Let’s look at a real-world business use case. CoolFundCo is a (fictional) investment company that analyses tens of thousands of images every day in order to identify what they represent and categorize the content. CoolFundCo uses this technique in a variety of ways: for example, to look at pictures from malls around the country to determine short-term economic trends. The company then uses this as one of the data points for investments. The data scientists and ML engineers at CoolFundCo spend a lot of time and effort managing this process. CoolFundCo has a large stock of existing images, and every day they get a large batch of new images sent to their cloud object storage (in this example Microsoft Azure Data Lake Storage (ADLS)), but it could also be AWS S3 or Google Cloud Storage (GCS).
Currently, managing that process is a nightmare. Every day, their engineers copy the images, run their deep learning model to predict the image categories, and then share the results by saving the output of the model in a CSV file. The DL models have to be verified and re-trained on a regular basis to ensure that the quality of the image recognition is maintained, which is also currently a manual process conducted by the team in their own development environments. They often lose track of the latest and best versions of the underlying ML models and which images they used to train the current production model. The execution of the pipelines happens in an external tool, and they have to manage different environments to control the end-to-end flow.
Solution
In order to bring order to the chaos, CoolFundCo is adopting Databricks to automate the process. As a start, they separate the process into a training and scoring workflow.
In the training workflow, they need to:
- Ingest labeled images from cloud storage into the centralized lakehouse
- Use existing labeled images to train the machine learning model
- Register the newly trained model in a centralized repository
Each of their workflows consists of a set of tasks to achieve the desired outcome. Each task uses different sets of tools and functionality and therefore requires different resource configurations (cluster size, instance type, CPU vs. GPU, etc.). They decide to implement each of these tasks in a separate Databricks notebook. The resolution architecture is depicted in Figure 2:
The scoring workflow is made up of the following steps:
- Ingest new images from cloud storage into the centralized lakehouse
- Score each image using the latest model from the repository as fast as possible
- Store the scoring results in the centralized lakehouse
- Send a subset of the images to a manual labeling service to verify the accuracy
DL training pipeline
Let’s take a look at each task of the training pipeline individually :
-
Ingest labeled images from cloud storage into the centralized data lake [Desired Infrastructure: Large CPU Cluster]

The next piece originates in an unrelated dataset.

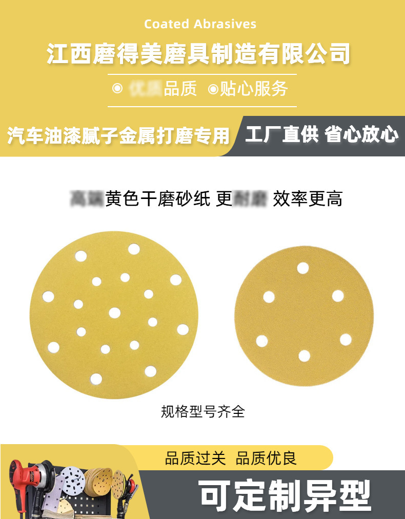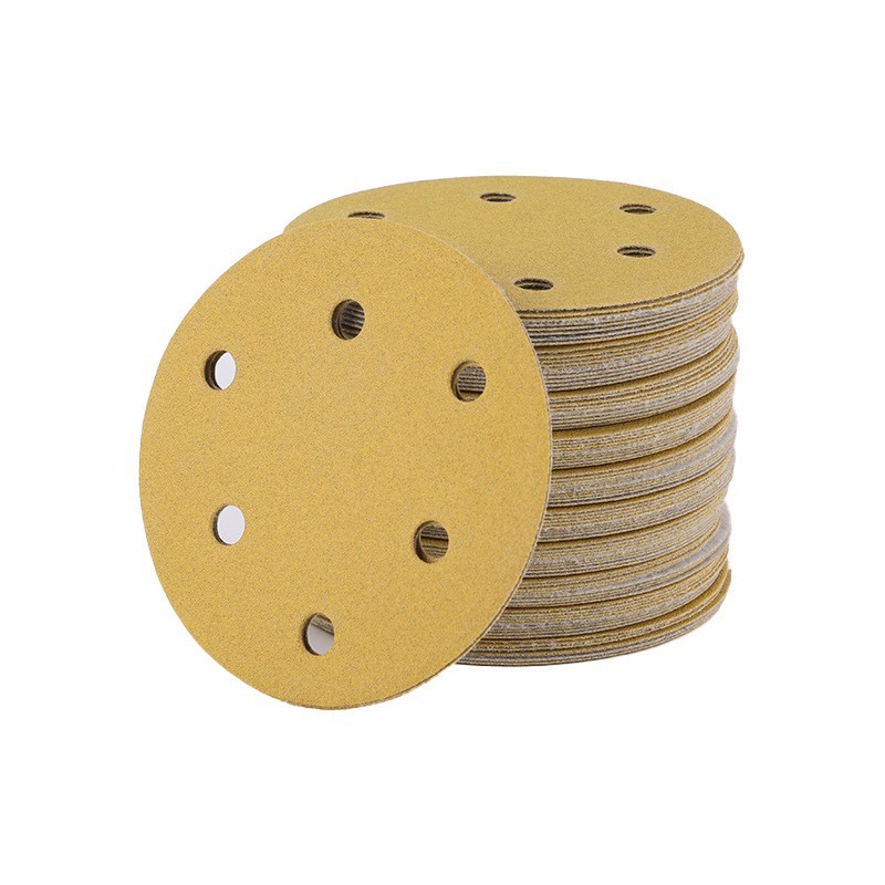 6 인치 17 홀 5 인치 6 홀 백 벨벳 사포 150mm 자동차 페인트 기름기 연삭 디스크 사포 건조 연삭 노란색 모래 사포스토어 가기

The first step in the process is to load the image data into a usable format for the model training. They load all of the training data (i.e., the new images) using Databricks Auto Loader, which incrementally and efficiently processes new data files as they arrive in cloud storage. The Auto Loader feature helps data management and automatically handles continuously arriving new images. CoolFundCo's team decides to use Auto Loader’s 'trigger once' functionality, which allows the Auto Loader streaming job to start, detect any new image files since the last training job ran, load only those new files and then turn off the stream. They load all of the images using Apache Spark’s™ binaryFile reader and parse the label from the file name and store that as its own column. The binaryFile reader converts each image file into a single record in a DataFrame that contains the raw content, as well as metadata of the file. The DataFrame will have the following columns:
- path (StringType): The path of the file.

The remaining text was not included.